O primeiro-ministro da Austrália, Kevin Rudd, defendeu esta semana a expulsão de Fiji do Fórum de Ilhas do Pacífico por não convocar eleições após quase dois anos de regime militar.

Além disso, Rudd respaldou a decisão do grupo de fixar o dia 1º de maio como prazo para Bainimarama anunciar a realização do pleito.

Fiji atravessa uma profunda crise política há um mês, quando os tribunais declararam ilegal o golpe de Estado no qual o atual primeiro-ministro depôs em 2006 o Governo de Laisena Qarase.

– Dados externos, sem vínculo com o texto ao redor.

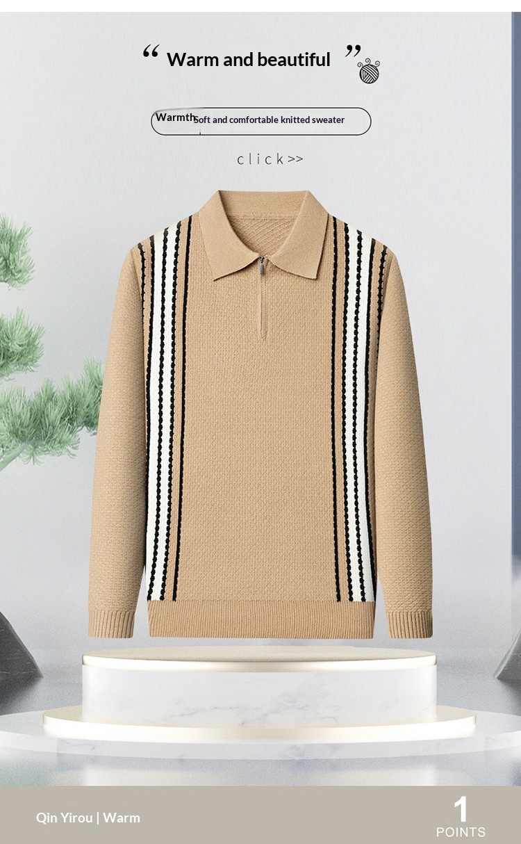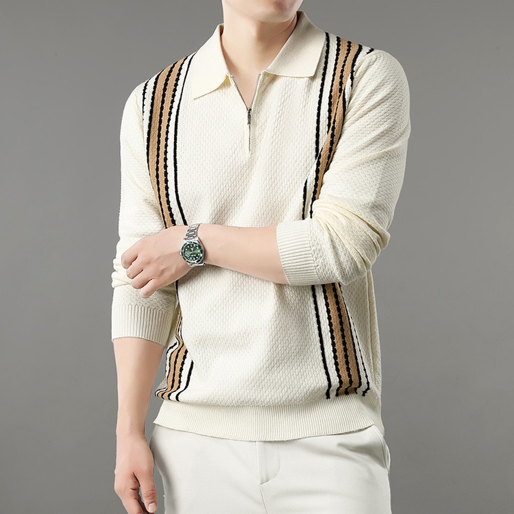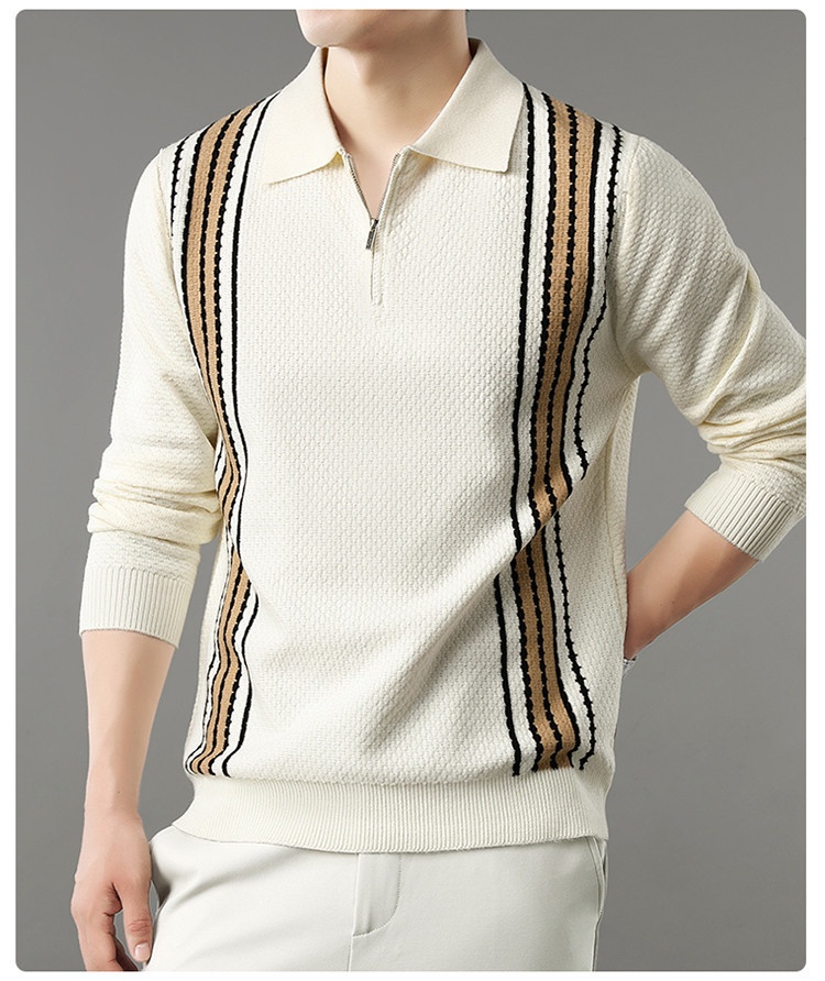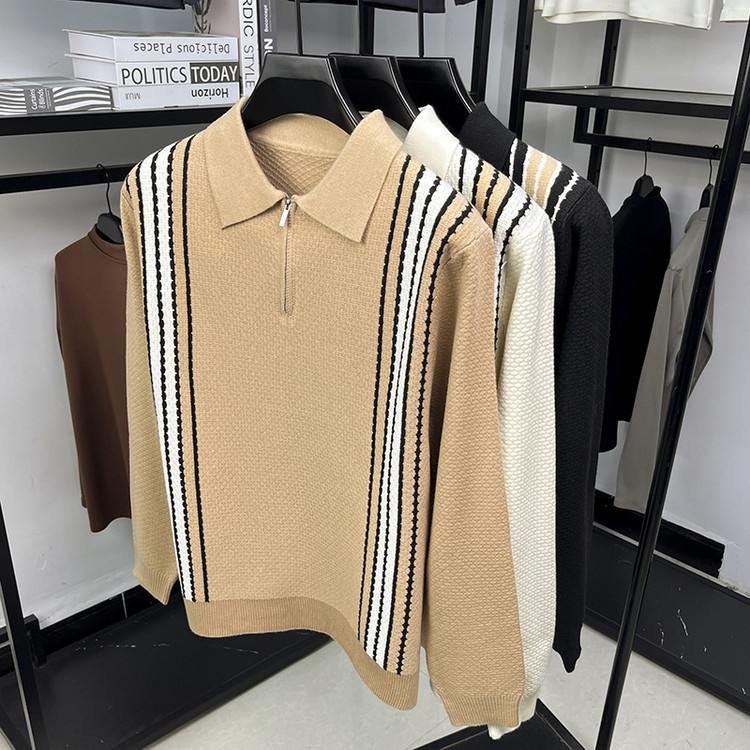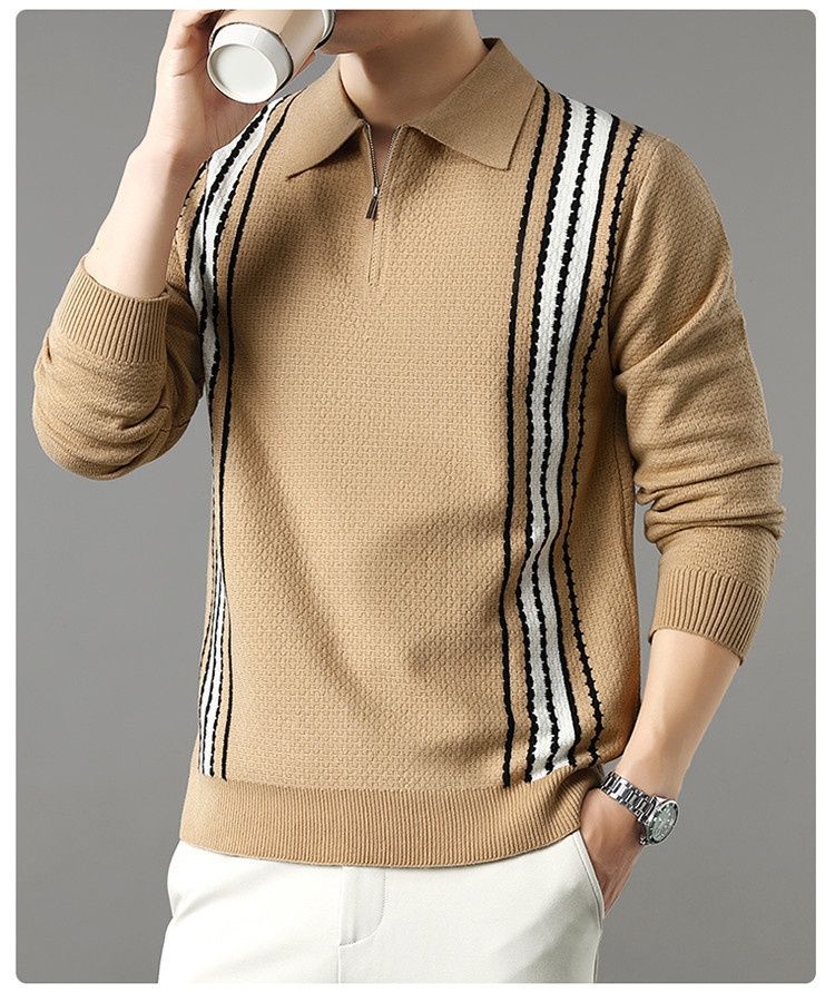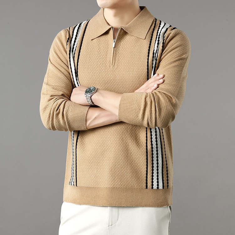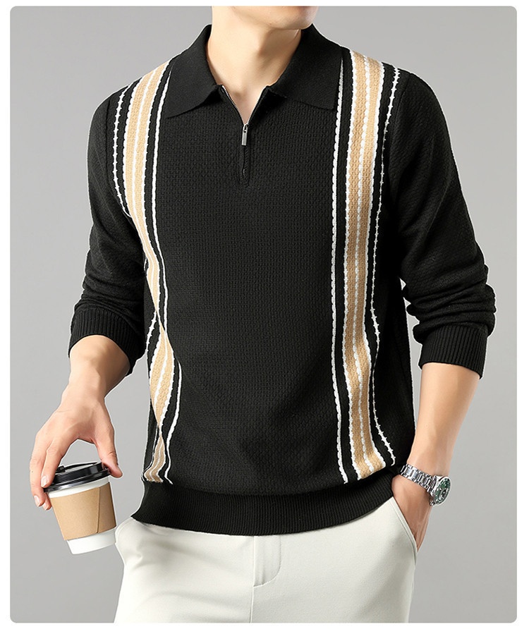 Mens Collar-Style Half-Zip Long-Sleeve Colorblock Knit Sweater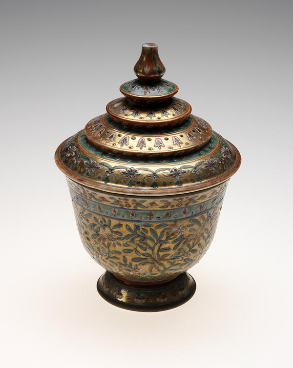 Lacquered objects were fashioned from wood, palm-leaf, or coiled bamboo cores, then prepared and coated with several layers of sap from the pipal tree, sometimes mixed with ash or clay. In the Burmese technique used for the Death of the Buddha, the offering containers, and the manuscript chest (acc. nos. 2004.12.1, 2.1-2, 3, and 4), the surface decoration was modeled in lacquer paste made from sap mixed with cow-dung ash or finely pounded cow bone. Pieces of colored glass backed with foil were then inset into the design, and the surface was coated with lacquer and finished with gold leaf.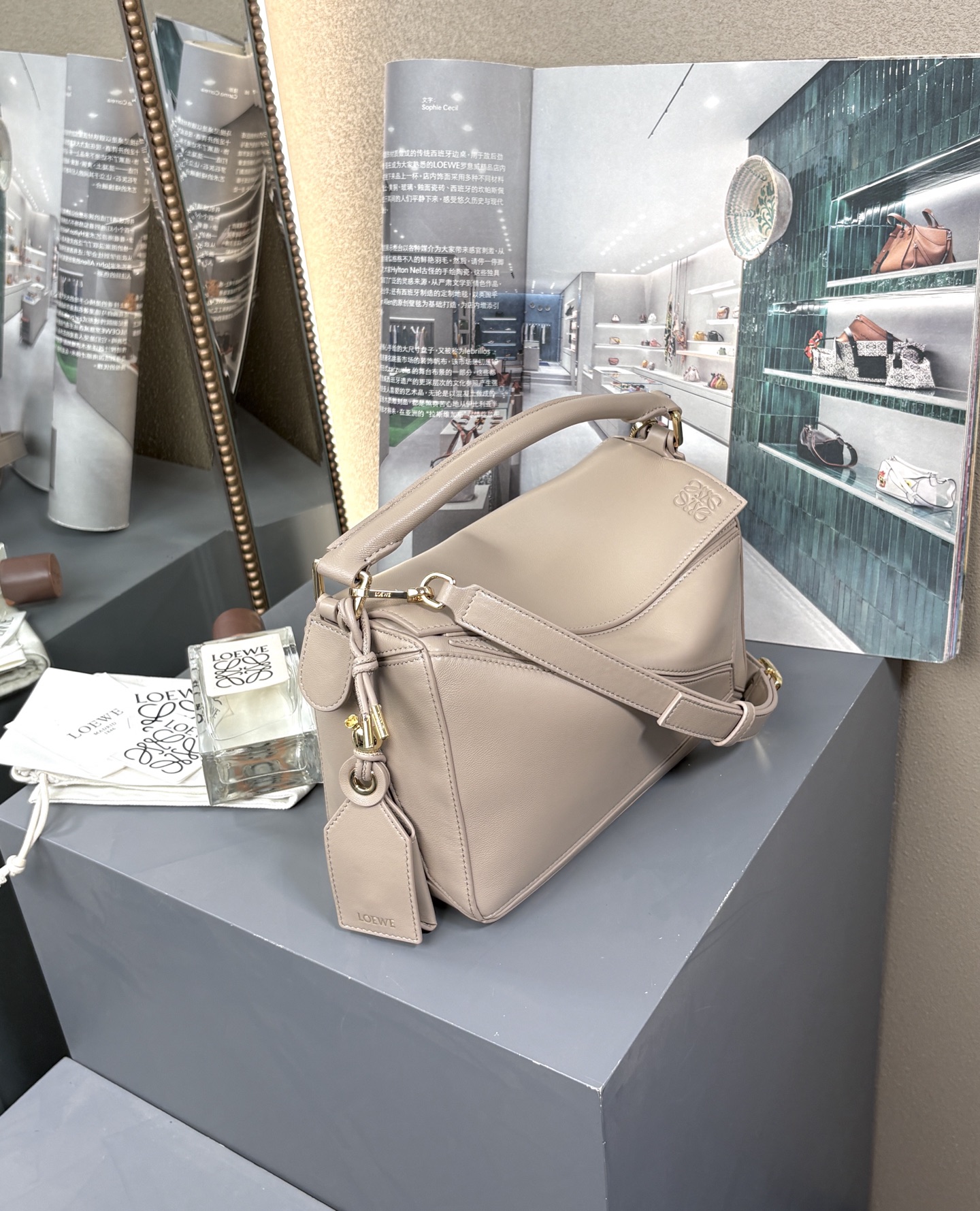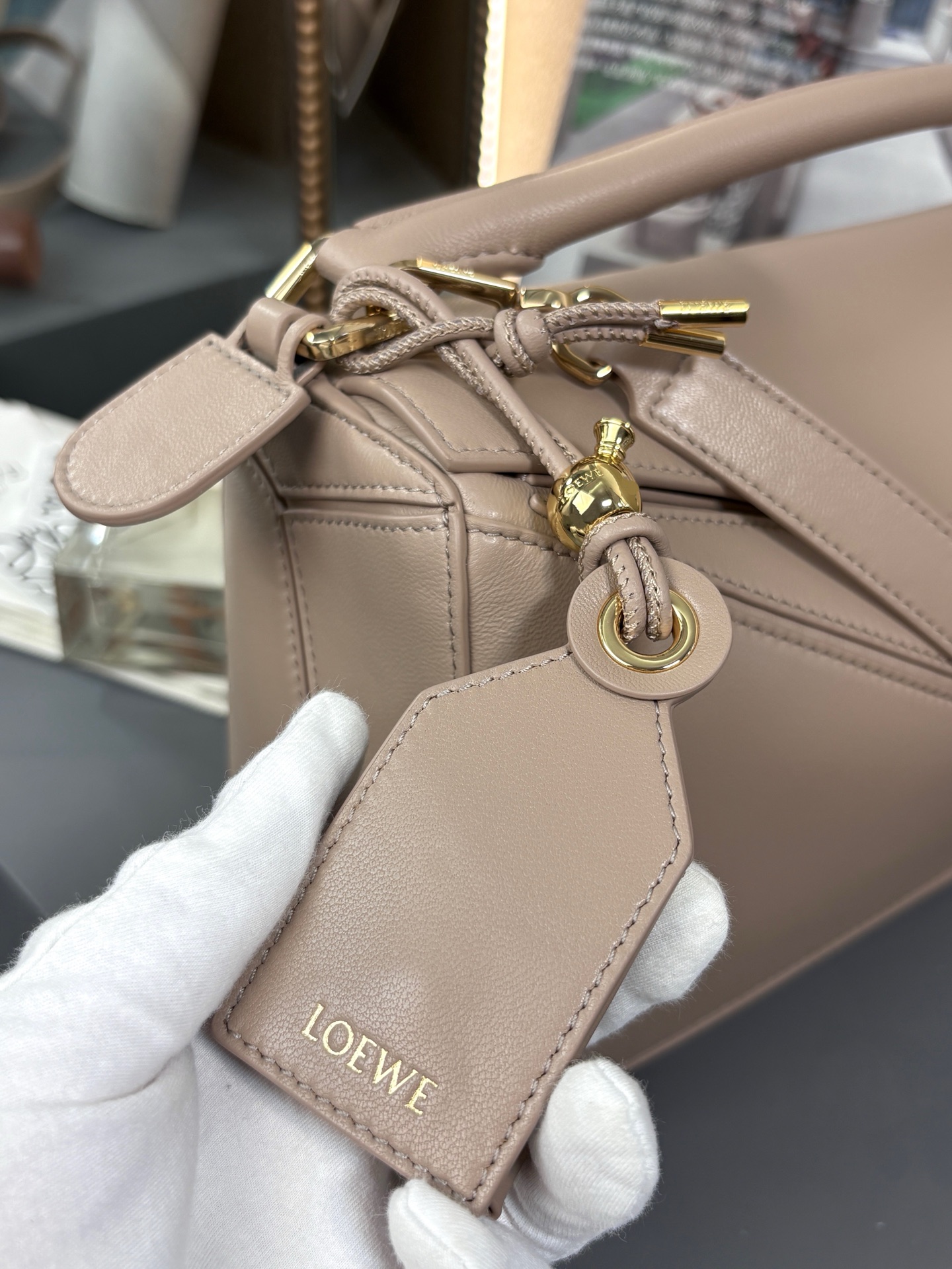 这款包包是AAAAA 1:1 质量 (非常棒). 使用了和原版一模一样的材料. 商标部分也保持了和罗意威/Loewe一样. 图片拍摄是实物包包拍摄, 您所收到的实物保证和我们图片一模一样.

O presidente fijiano, Josefa Iloilo, ignorou nas últimas semanas as ameaças de Austrália e Nova Zelândia de impor sanções a Fiji, e optou por militarizar as instituições e desvalorizar a moeda em 20% para controlar as reservas de divisas, entre outras iniciativas.

Bainimarama se comprometeu em 2007 a realizar eleições em 2009 para que a União Europeia (UE) mantivesse a ajuda oficial ao país, mas depois desistiu de convocar o pleito.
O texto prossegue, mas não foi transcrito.